That's right - it's nearly Valentine's Day again. Or, as some would have it, Singles Awareness Day. But I'm thinking that's a label slapped on it from some girl who got dumped on a February 7 one year, and is bitter.
But we're not bitter, are we, brothers? No! We love the women in our lives; of course we do!
All I'm asking you to consider, though, is this:
Does the fact that we love them mean that we have to shower them with cloyingly sweet chocolates, offensively overpriced roses, and special "Empty Wallet" prix-fixe dinners at fancy restaurants?
I say NAY!
Enough! We've had all we can stands, and we can't stands no more - amirite? Yes, I am! Valentine's Day is a terribly one-sided holiday: we give, they take! And woe betide any of us who gets the brand of chocolate, the type of rose, or the restaurant reservations wrong! Yes, woe be upon any of us who don't Follow The Script for the annual February chick-fest! (Especially when we have to do it again, on their birthdays! At least the birthday is something real to celebrate, a time to give thanks that she's in your life!)
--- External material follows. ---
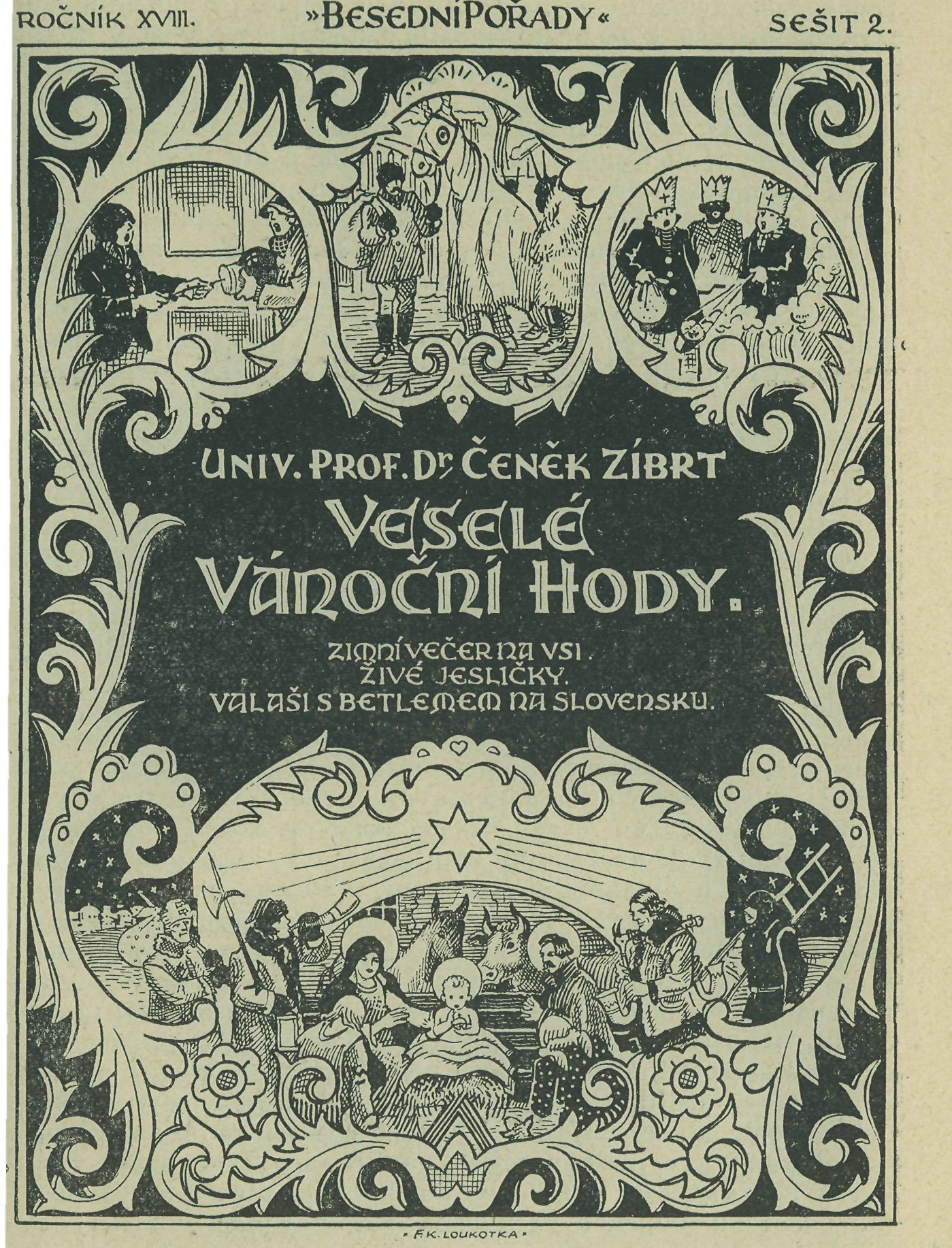 Titulní list Zíbrtovy sbírky divadelních scén ze života lidu československého, »Československý národonisný rok« č. 2. Veselé vánoční hody. Kreslil Frant. Loukotka.

Here's a guy who won't take it anymore, either. He's started a boycott of Valentine's Day, calling it a "nomance" - and he's right!
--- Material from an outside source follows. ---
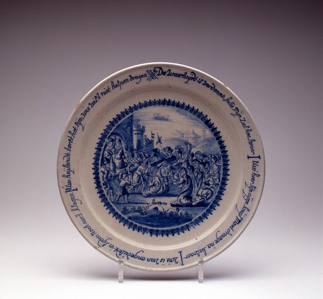 De achterkant van het zonder standring uitgevoerde bord loopt een weinig rond en heeft een vlak middendeel. Op de voorkant is voor de centrale voorstelling gekozen voor een episode uit de Kruisweg van Christus: Christus valt temidden van een menigte voor een stadspoort, waaronder een knielende Veronica, onder het kruis. Op de rand het opschrift:'De waerheijdt is verdoemt, besie mijn ziel hoe swaer Uw heer sijn eijge kruijs moet draage na kalvaer Wie is van ongeduldt in lijden noch aen't klagen Uw heijlandt torst het sijn: wie wil 't niet helpen dragen'. In het plat Luc 23-25; 9 (Nederlands)

This year is the year, brothers. This year is the year we rise up, shake off the red satin chains of our oppression (unless you're into that sort of thing, not that there's anything wrong with that) and Be Men. Stand Your Ground. No chocolates. No roses. And no long, overpriced, underserved dinners out.
Yes, gentlemen, Valentine's Day has run its course. It's over. It's time to stand up and announce that such a one-sided holiday has no place in today's world of gender equality and social parity.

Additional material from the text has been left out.